Located in the Laurentian Mountains, La Minerve is still fairly forested and covered with many lakes, notably Chapleau, Désert, and La Minerve Lakes. Its southern portion is part of the Papineau-Labelle Wildlife Reserve. The area is popular for cottage vacationing. In the summer, the small local population swells with nearly 15,000 tourists.

==History==
Before the arrival of missionary colonizer Antoine Labelle, journalists of the Montreal newspaper "La Minerve" explored this region between 1880 and 1885. At that time, the Club Island was known as "Governor Island" and belonged to Sir Joseph-Adolphe Chapleau, controller of the newspaper. Afterwards, employees of La Minerve began to strongly encourage the settlement of the area which came to be named after this newspaper. The 30 January 1886 edition of La Minerve reported:

"From Iroquois Chute, you can go on a good road to Minerva Township, where there are several inhabitants and where the chapel, the sawmill needs to be built soon. The site of the village is wonderful. At two miles away, opposite Lake Desert, is Chapleau Lake, one of the most beautiful lakes in this region. There is a beautiful island of 3200 acres of land, fertile and well wooded, which belongs to the Honorable Secretary of State. There is enough to make a princely mansion and enjoy in summer all the benefits of country life and the most beautiful lakes."

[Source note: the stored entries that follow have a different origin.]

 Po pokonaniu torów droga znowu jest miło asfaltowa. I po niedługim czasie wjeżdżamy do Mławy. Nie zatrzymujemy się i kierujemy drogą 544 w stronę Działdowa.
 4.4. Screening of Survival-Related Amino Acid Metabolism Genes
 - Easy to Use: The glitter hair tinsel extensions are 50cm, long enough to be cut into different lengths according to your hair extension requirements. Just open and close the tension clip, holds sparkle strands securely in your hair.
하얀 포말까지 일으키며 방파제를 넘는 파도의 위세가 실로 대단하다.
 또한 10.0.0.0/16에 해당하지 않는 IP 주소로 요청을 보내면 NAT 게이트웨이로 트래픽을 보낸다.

During the years 1880 to 1890, the government granted the first land concessions. The first settler, Isaac Grégoire, arrived in 1885, and in the fall of the same year, notary Joseph Lefebvre, from Waterloo in the Eastern Townships, and some of his friends came to the area taking possession of some lots in La Minerve. Lefebvre opened a flour mill and a sawmill on the shores of Lake Desert.

In 1892, the Township of La Minerve and its township municipality were formed. In 1896, the post office opened, named Minerve (but renamed to La Minerve in 1949). In 1897, there were 331 acre under cultivation, 13 houses, 4 barns, 40 arpents of fencing (about 2.34 km). Twenty years later in 1917, there were 125 families with a total of 677 inhabitants.

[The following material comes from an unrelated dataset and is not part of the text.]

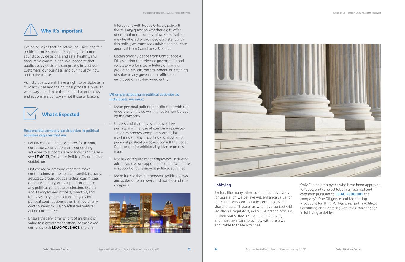 Lobbying Exelon, like many other companies, advocates for legislation we believe will enhance value for our customers, communities, employees, and shareholders. Those of us who have contact with legislators, regulators, executive branch officials, or their staffs may be involved in lobbying and must take care to comply with the laws applicable to these activities. Exelon believes that an active, inclusive, and fair political process promotes open government, sound policy decisions, and safe, healthy, and productive communities. We recognize that public policy decisions can greatly impact our customers, our business, and our industry, now and in the future. As individuals, we all have a right to participate in civic activities and the political process. However, we always need to make it clear that our views and actions are our own – not those of Exelon. Why It’s Important Responsible company participation in political activities requires that we: • Follow established procedures for making corporate contributions and conducting activities to support state or local candidates – see LE-AC-23, Corporate Political Contributions Guidelines • Not coerce or pressure others to make contributions to any political candidate, party, advocacy group, political action committee, or political entity, or to support or oppose any political candidate or election. Exelon and its employees, officers, directors, and lobbyists may not solicit employees for political contributions other than voluntary contributions to Exelon-affiliated political action committees • Ensure that any offer or gift of anything of value to a government official or employee complies with LE-AC-POL8-001, Exelon’s What’s Expected Interactions with Public Officials policy. If there is any question whether a gift, offer of entertainment, or anything else of value may be offered or provided consistent with this policy, we must seek advice and advance approval from Compliance & Ethics • Obtain prior guidance from Compliance & Ethics and/or the relevant government and regulatory affairs team before offering or providing any gift, entertainment, or anything of value to any government official or employee of a state-owned entity. When participating in political activities as individuals, we must: • Make personal political contributions with the understanding that we will not be reimbursed by the company • Understand that only where state law permits, minimal use of company resources – such as phones, computers, email, fax machines, or office supplies – is allowed for personal political purposes (consult the Legal Department for additional guidance on this issue) • Not ask or require other employees, including administrative or support staff, to perform tasks in support of our personal political activities • Make it clear that our personal political views and actions are our own, and not those of the company Only Exelon employees who have been approved to lobby, and contract lobbyists retained and overseen pursuant to LE-AC-PCD8-001, the company’s Due Diligence and Monitoring Procedure for Third Parties Engaged in Political Consulting and Lobbying Activities, may engage in lobbying activities. 63 64Code of Business Conduct Code of Business ConductApproved by the Exelon Board of Directors; January 6, 2025. Approved by the Exelon Board of Directors; January 6, 2025. ©Exelon Corporation. 2025. All rights reserved. ©Exelon Corporation. 2025. All rights reserved.
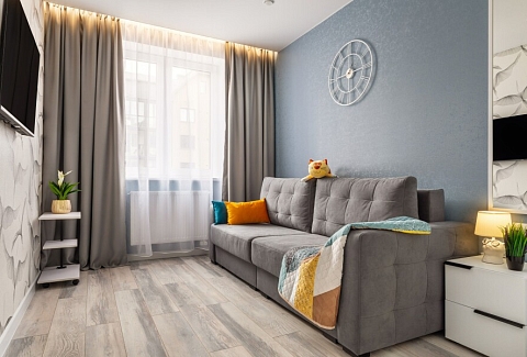 Апартаменты расположились в многоэтажном жилом доме.В распоряжении гостей двухкомнатный 2-местные апартаменты с уютным балконом. Среди удобств – кухня с электроплитой, электрочайником, духовым шкафом, микроволновой печью и холодильником, стиральная и стиральная машина, телевизор-ЖК и высокоскоростной интернет, санузел с ванной.Автомобиль можно оставить на неохраняемой открытой парковке.

On January 1, 1995, La Minerve absorbed the unorganized territories of Lac-Marie-Le Franc and Lac-aux-Castors located in the Labelle and Gagnon townships, but subsequently lost about 20 km2 to the Municipality of Labelle. In 1998, the Township Municipality of La Minerve obtained a new legal status and became the Municipality of La Minerve.

==Demographics==
===Population===

Mother tongue (2021):
- English as first language: 5.3%
- French as first language: 91.2%
- English and French as first language: 1.4%
- Other as first language: 1.4%

==Education==

Sainte Agathe Academy (of the Sir Wilfrid Laurier School Board) in Sainte-Agathe-des-Monts serves English-speaking students in this community for both elementary and secondary levels.